Pictures stay out. Everything else in the listing below gets written out exactly.

● **COLLECTED DATA**:

○ ○ ○ ○ ○

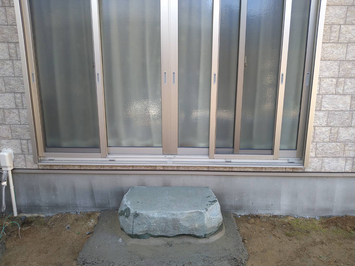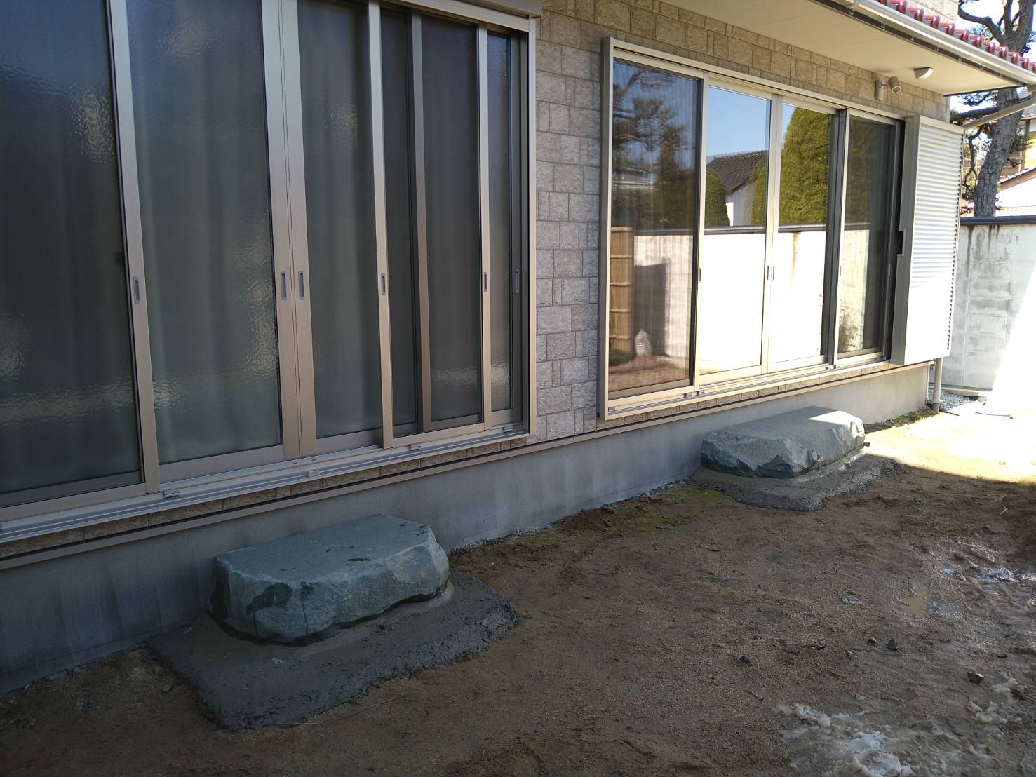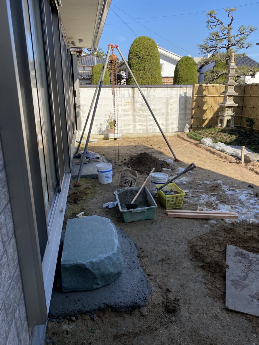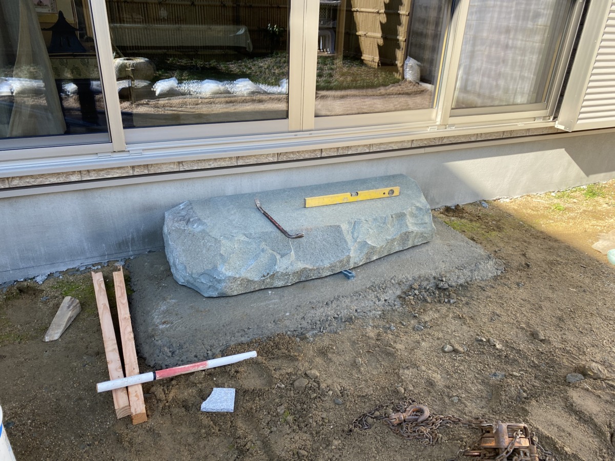 2021.03.14 豊岡市 I様邸 神鍋産の沓脱石を2つ据付いたしました。グレーのかかった独特な緑色をしていますが雨に濡れるとより深い緑色に変わります。 奥の庭まで養生をして運搬機で運びましたカートクレーン等の機械が入らない為、チェーンブロックを使用し据え付けていますこちらは横幅1500㎜ 奥行550㎜こちらは横幅850㎜ 奥行500㎜ 一覧へ戻る
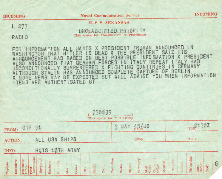 May 3, 1945: Announcement of Adolf Hitler's death. |
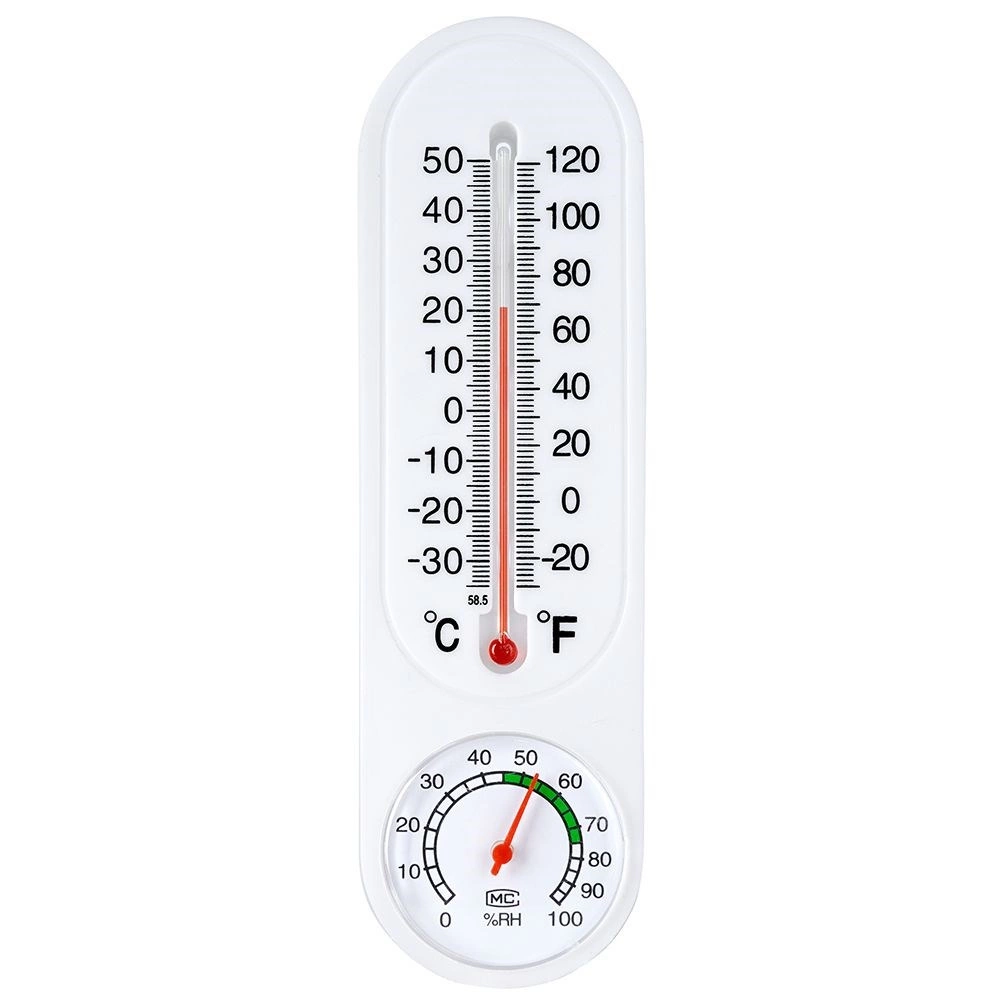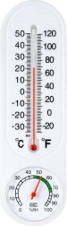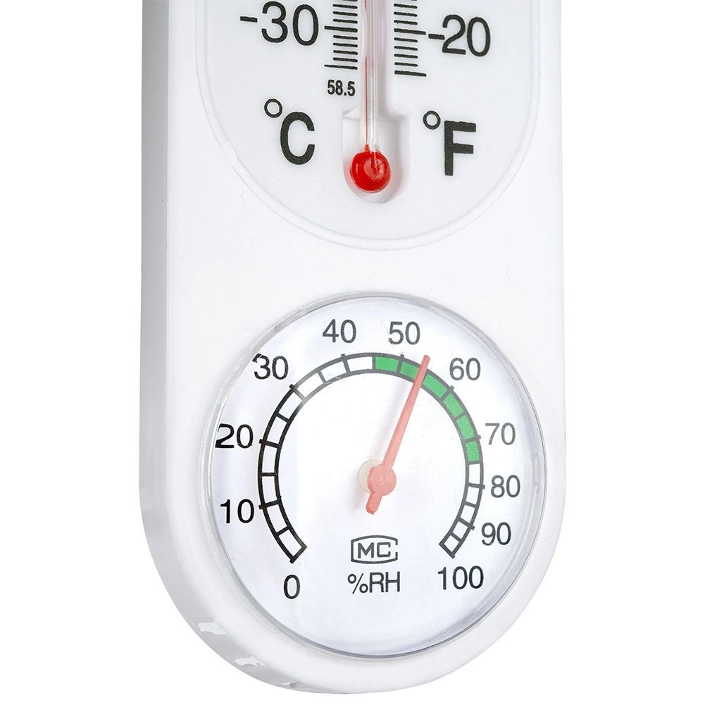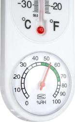 Este termómetro con higrómetro combinado te permite controlar la temperatura ambiente y la humedad relativa en tiempo real. La columna vertical de líquido muestra la temperatura en °C y °F, mientras que la esfera circular inferior indica la humedad en el rango 0–100 % HR con una zona de confort para una rápida orientación.

○ ○ ○ ○ ○

● **THE ANSWER**:
 2021.03.14 豊岡市 I様邸 神鍋産の沓脱石を2つ据付いたしました。グレーのかかった独特な緑色をしていますが雨に濡れるとより深い緑色に変わります。 奥の庭まで養生をして運搬機で運びましたカートクレーン等の機械が入らない為、チェーンブロックを使用し据え付けていますこちらは横幅1500㎜ 奥行550㎜こちらは横幅850㎜ 奥行500㎜ 一覧へ戻る
 May 3, 1945: Announcement of Adolf Hitler's death. |
 Este termómetro con higrómetro combinado te permite controlar la temperatura ambiente y la humedad relativa en tiempo real. La columna vertical de líquido muestra la temperatura en °C y °F, mientras que la esfera circular inferior indica la humedad en el rango 0–100 % HR con una zona de confort para una rápida orientación.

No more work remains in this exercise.